Token Splitter
This module includes classes and functions for splitting a token into two smaller tokens.
TokenSplitter
¶
This class includes methods for splitting a token into two smaller tokens.
__init__()
¶
Initializes the TokenSplitter and loads the necessary lemmatizer data.
split_token_words(token)
¶
Splits the input token into two smaller tokens.

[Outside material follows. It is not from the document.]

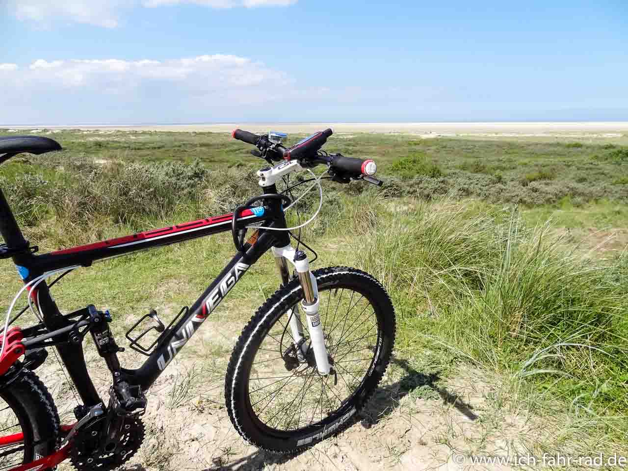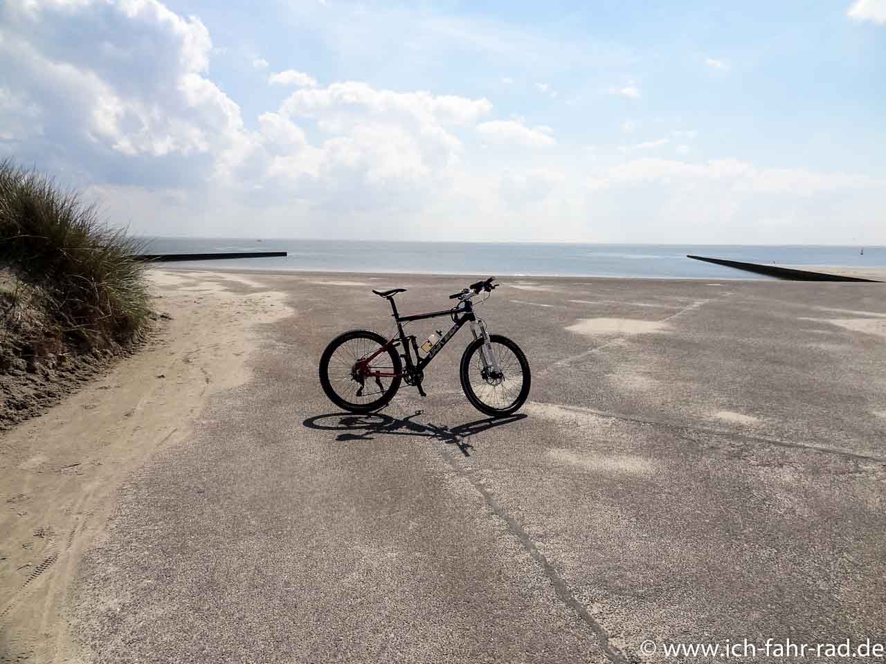 Das sollte dann aber ein Mountainbike sein. Und bitte auch nur wenn das Wetter und die Pistenverhältnisse es zulassen. Bei meiner Tour im Mai ging das perfekt. Dann wieter bis zum Strand – ab einem bestimmten Punkt muss man dann schieben, weil fahren verboten ist, aber fahren auch nicht mehr wirklich geht – durch den Sand.

If the token can be split in more than one way, it returns all possible states;
for example, 'داستانسرا' can be split into both ['داستان', 'سرا'] and
['داستانسرا'], so it returns both: [('داستان', 'سرا'), ('داستانسرا',)].
Examples:
>>> splitter = TokenSplitter()
>>> splitter.split_token_words('صداوسیماجمهوری')
[('صداوسیما', 'جمهوری')]
>>> splitter.split_token_words('صداو')
[('صد', 'او'), ('صدا', 'و')]
>>> splitter.split_token_words('داستانسرا')
[('داستان', 'سرا'), ('داستانسرا',)]
>>> splitter.split_token_words('دستانسرا')
[('دستان', 'سرا')]
Parameters:
| Name | Type | Description | Default |
|---|---|---|---|
token
|
str
|
The token to be processed. |
required |
Returns:
| Type | Description |
|---|---|
list[tuple[str, str]]
|
A list of tuples, each containing the split parts of the token. |